*Data extract*

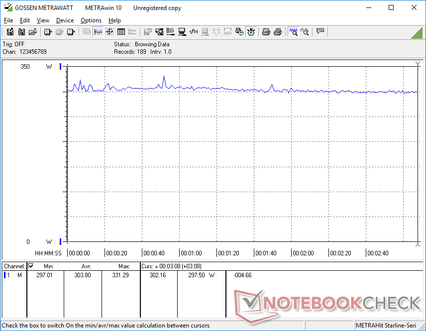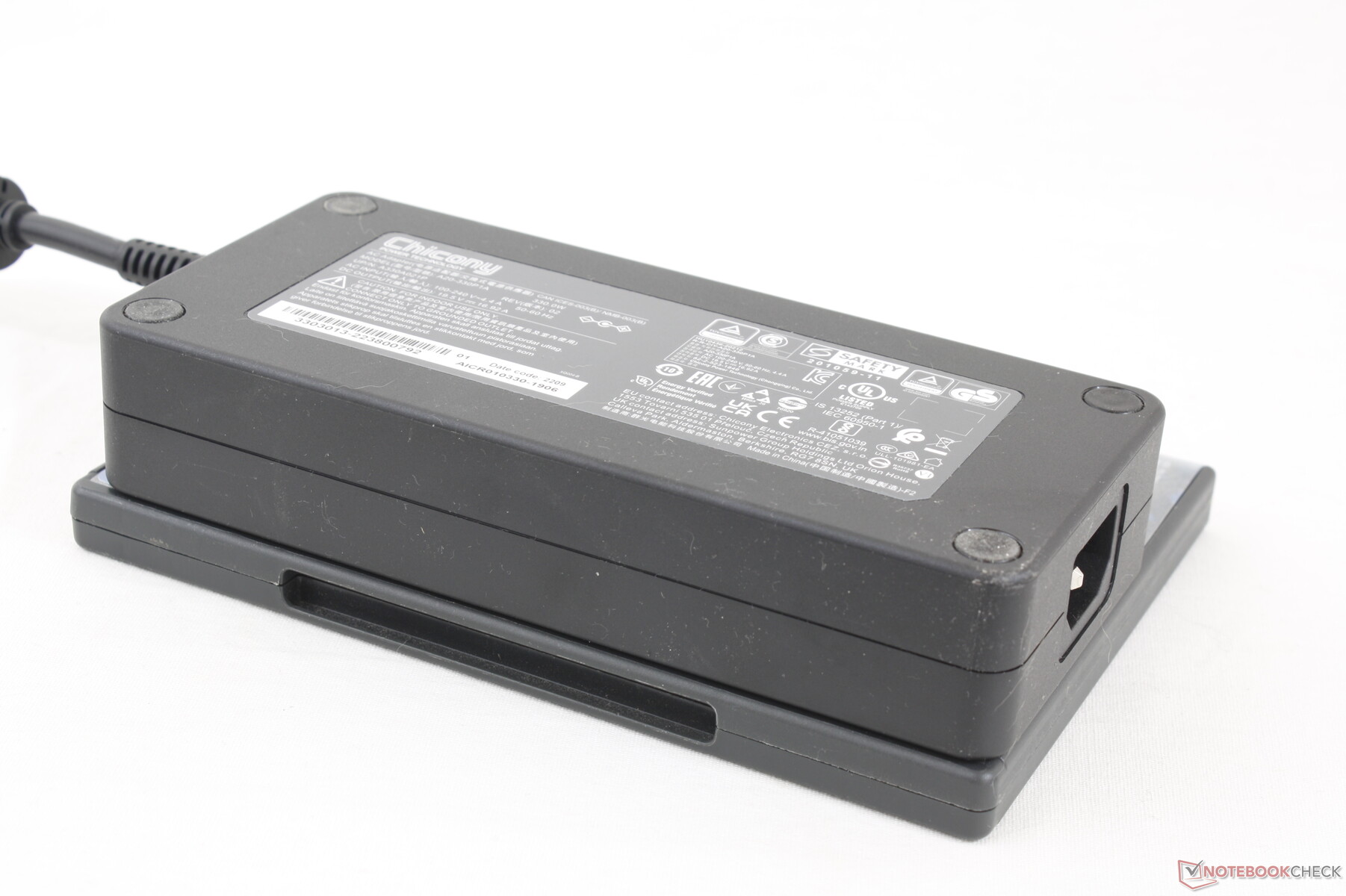 El adaptador de CA de 330 W es más grande que el adaptador de CA de 330 W del nuevo Razer Blade (~18,5 x 8,5 x 3,6 cm frente a ~18 x 7,5 x 2,5 cm) ya que Eluktronics y Uniwill aún no se han pasado a la carga GaN. Podemos registrar un consumo máximo temporal de 343 W cuando la CPU y la GPU están al 100% de uso.
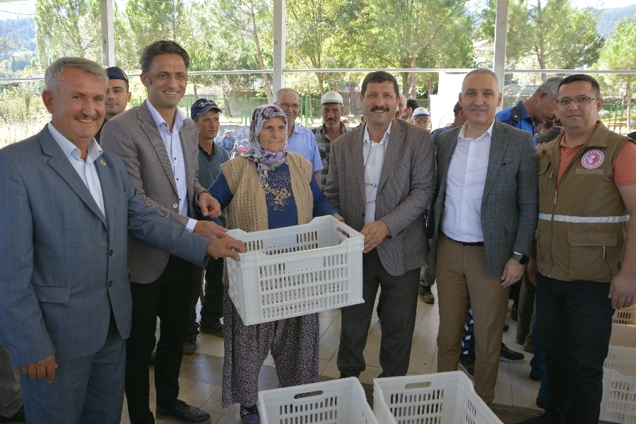 Tarım ve Orman Bakanlığı Bitkisel Üretim Genel Müdürlüğünce temin edilen hünnap boylama makinesi ve 1200 adet hünnap kasası Söğütçük mahallesindeki üreticilere teslim edildi.
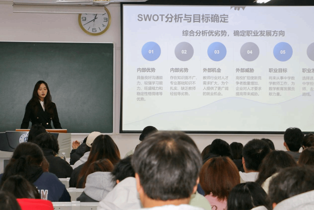 主持人介绍流程后,10名选手依次登台,以演讲内容与PPT深度融合的方式展示职业规划,包含学业目标与职业愿景,彰显学子清晰规划意识与积极风貌。宋秋莹老师总结点评时,肯定了选手自我认知与目标设定的合理性,表扬 2025 级新生的积极参与,同时提出三点改进建议:优化 PPT 排版避免文字过载、提前调试设备规避兼容问题、细化规划落实为具体行动方案。

*Instructions for the task*
Copy the data character for character, but drop all pictures from the copy.

*Answer space*
 El adaptador de CA de 330 W es más grande que el adaptador de CA de 330 W del nuevo Razer Blade (~18,5 x 8,5 x 3,6 cm frente a ~18 x 7,5 x 2,5 cm) ya que Eluktronics y Uniwill aún no se han pasado a la carga GaN. Podemos registrar un consumo máximo temporal de 343 W cuando la CPU y la GPU están al 100% de uso.
 Tarım ve Orman Bakanlığı Bitkisel Üretim Genel Müdürlüğünce temin edilen hünnap boylama makinesi ve 1200 adet hünnap kasası Söğütçük mahallesindeki üreticilere teslim edildi.
 主持人介绍流程后,10名选手依次登台,以演讲内容与PPT深度融合的方式展示职业规划,包含学业目标与职业愿景,彰显学子清晰规划意识与积极风貌。宋秋莹老师总结点评时,肯定了选手自我认知与目标设定的合理性,表扬 2025 级新生的积极参与,同时提出三点改进建议:优化 PPT 排版避免文字过载、提前调试设备规避兼容问题、细化规划落实为具体行动方案。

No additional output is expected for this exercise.